New mutation in mitochondrial antioxidant gene offers new insights in the pathogenesis of a rare form of adrenal insufficiency
August 12, 2014
Familial gluocorticoid deficiency (FGD) is a rare, hereditary form of adrenal insufficiency characterised by resistance of the adrenal glands to stimulation by their trophic hormone, ACTH (adrenocoticotropic hormone). FGD patients typically present in infancy or early childhood with failure to thrive or seizures and prompt glucocorticoid replacement is essential to prevent or successfully manage a life-threatening adrenal crisis. Interestingly, no other organ dysfunction has been reported in these individuals. Until recently, this enigmatic condition had exclusively been attributed to mutations on the ACTH recepotor (MC2R) and its accessory protein (MRAP).
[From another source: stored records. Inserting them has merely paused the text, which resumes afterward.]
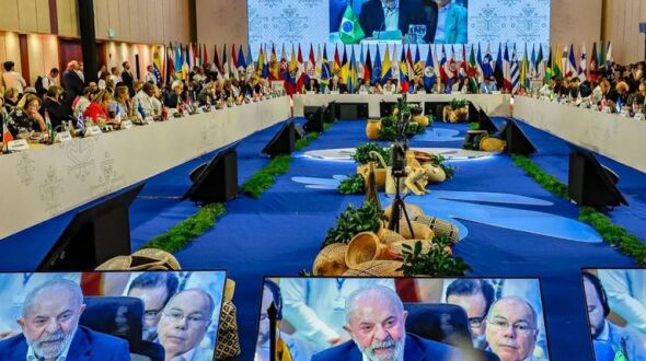 COP30 — O líder brasileiro também citou a COP30, realizada na Amazônia, como uma oportunidade para a região liderar a transição energética e mostrar que conservar as florestas é cuidar do futuro do planeta. "O Fundo de Florestas Tropicais para Sempre [TFFF] é uma solução inovadora para que nossas florestas valham mais em pé do que derrubadas", mencionou Lula, sobre o TFFF lançado na Cúpula de Líderes da COP30, na última quinta-feira (dia 6 de novembro) .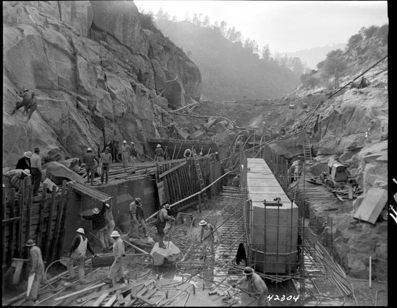 Big Creek Powerhouse #4 - Construction pictures taken by Dam & Tunnel office. [Dam 7 first pour on foundation block]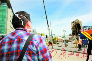 本報(bào)記者在封鎖線外看CTV大樓遺址。 本報(bào)特約記者 王世瑞 攝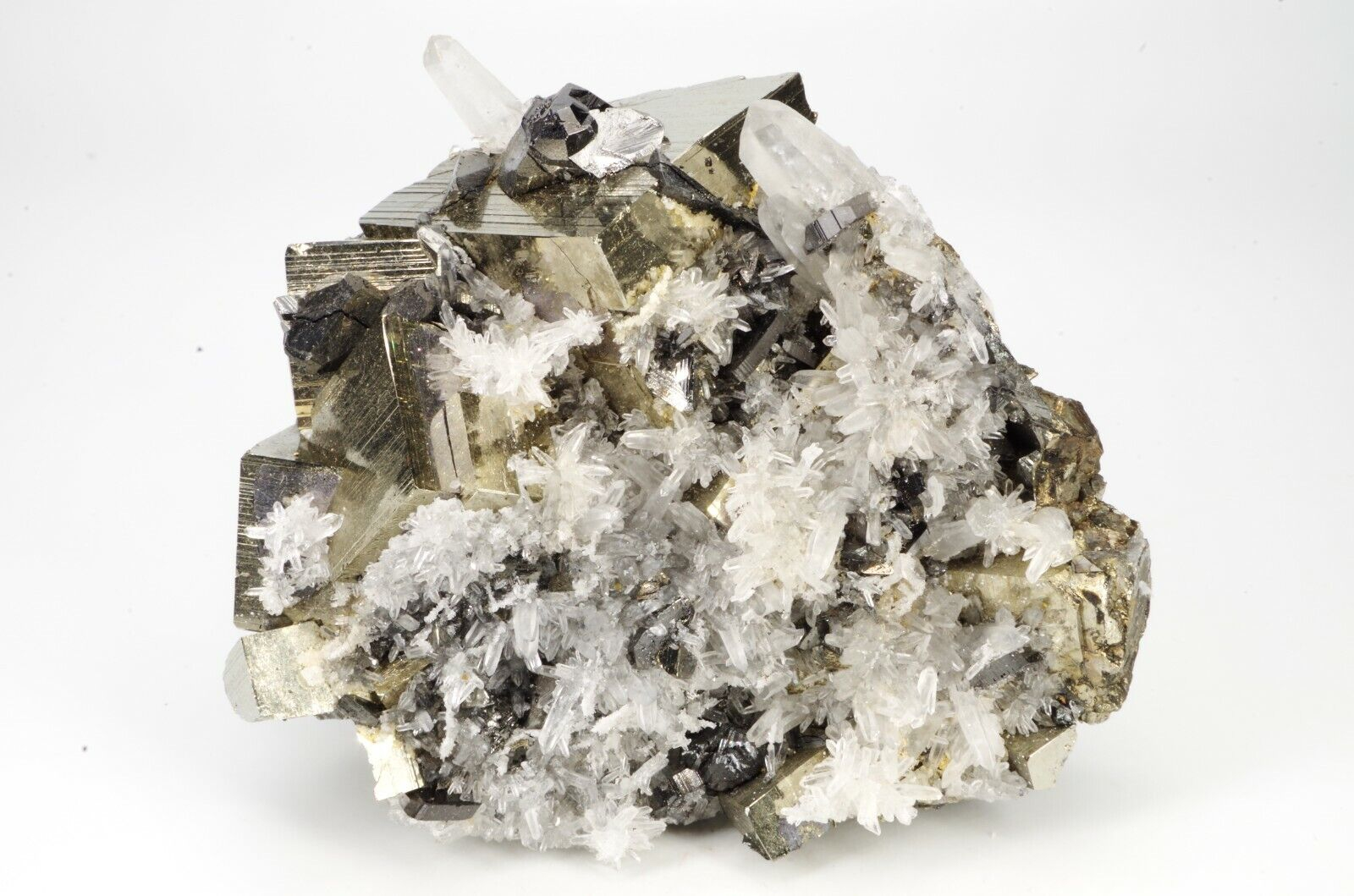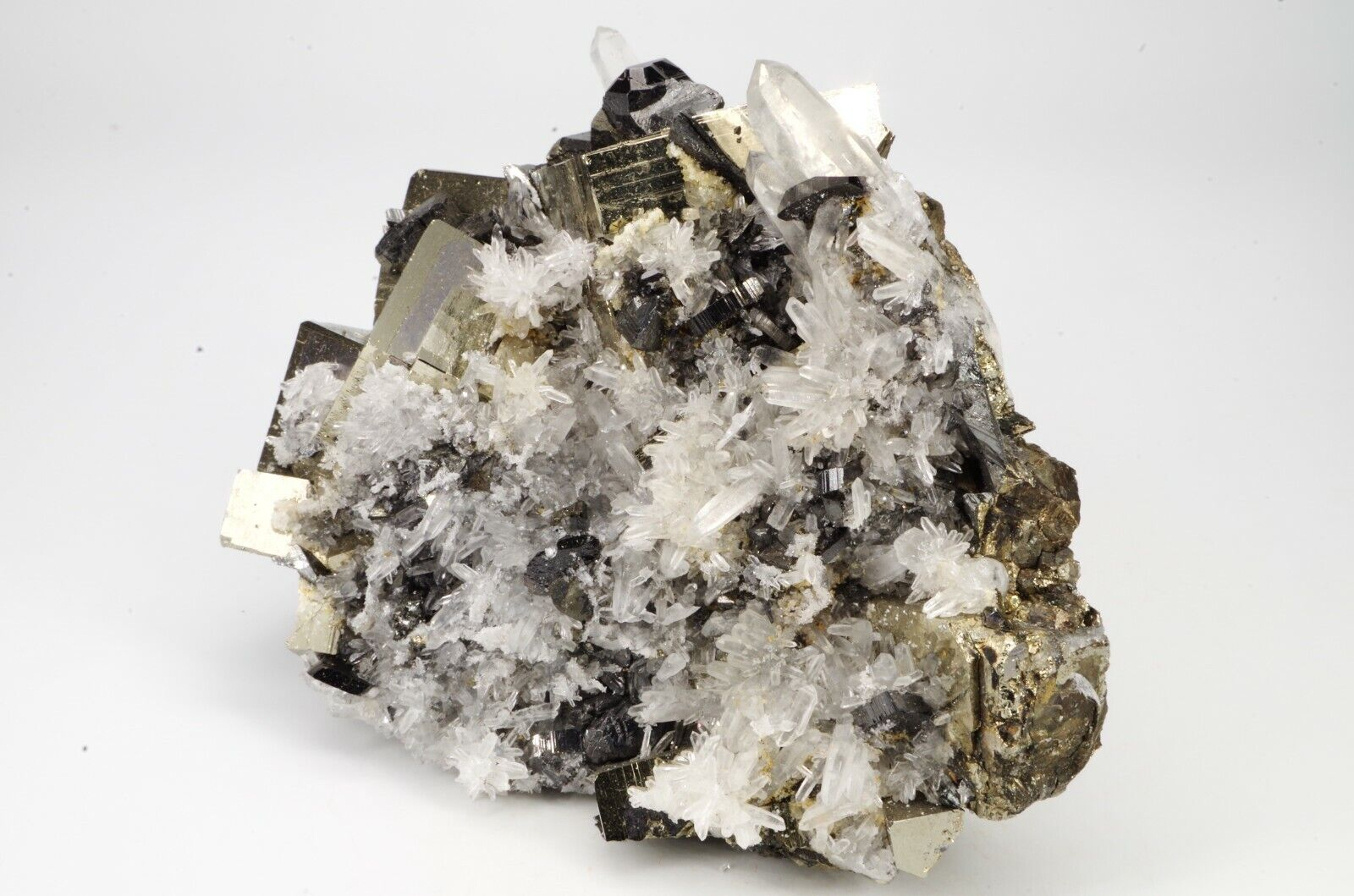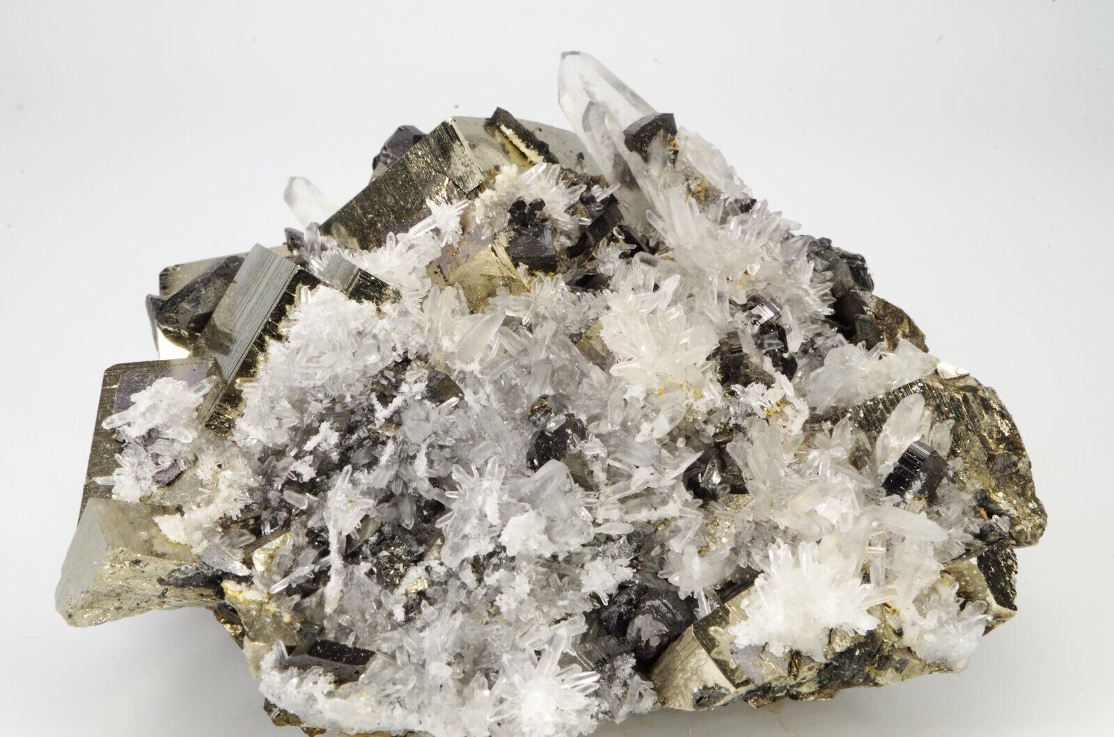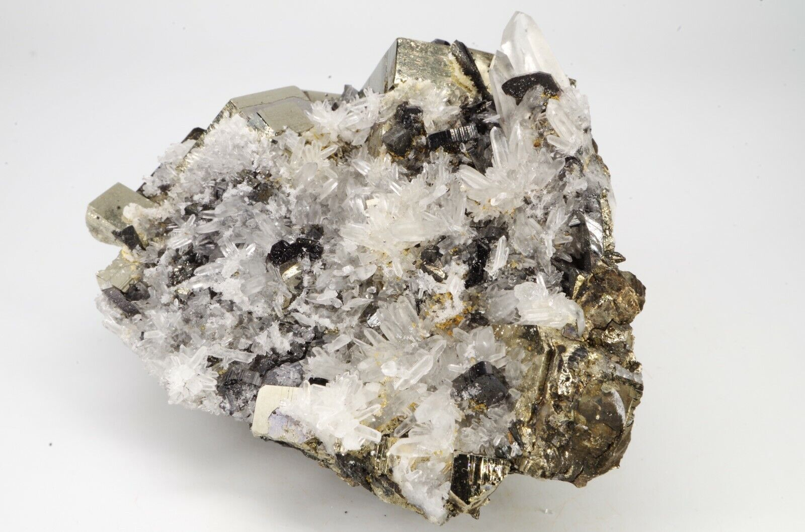 jolie association de quartz , pyrite et sphalérite
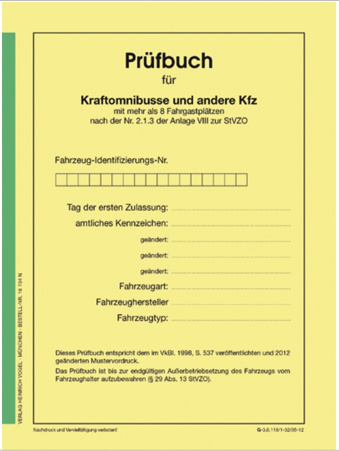 Prüfbuch für Kraftomnibusse und andere Kfzmit mehr als 8 FahrgastplätzenDieses Prüfbuch muss von der Erstzulassung an über die gesamte Lebensdauer des Fahrzeuges geführt werden. In ihm wird die Durchführung der Hauptuntersuchungen und Sicherheitsprüfungen dokumentiert. In diesem Buch können die jeweiligen Hauptuntersuchungen und Sicherheitsprüfungen über einen Zeitraum von 20 Jahren dokumentiert werden. In die praktische Klarsicht-Tasche in der Mitte des Prüfbuches können die Nachweise durchgeführter HU/SP gesteckt werden. Diese Dokumente müssen mindestens bis zur entsprechenden nächsten Untersuchung/Prüfung aufbewahrt werden. Das Prüfbuch muss bis zur endgültigen Außerbetriebsetzung des Fahrzeugs vom Halter aufbewahrt werden. Deswegen ist das Buch mit einem besonders robusten und strapazierfähigen Einband ausgestattet.

A recent study published in the Journal of Clinical Endocrinology and Metabolism reveals a new genetic link between FGD and inactivating mutations of a gene encoding a mitochondrial antioxidant protein, thioredoxin reductase 2 (TXNRD2). The study was based on whole exome sequencing of three affected individuals from a consanguineous family. Two years ago, the same group discovered a causal link between FGD and another mitochondrial antioxidant, Nicotinamide Nucleotide Transhydrogenase (NNT). Both TXNRD2 and NNT are crucial parts of the mitochondrial system which detoxifies reactive oxygen species (ROS), the harmful byproducts of aerobic metabolism. These findings underline the, hitherto unsuspected, importance of oxidative balance in adrenal physiology. Further research is required to delineate the complex interplay between ROS and steroidogenesis and explain the selective susceptibility of the adrenal glands to oxidative stress.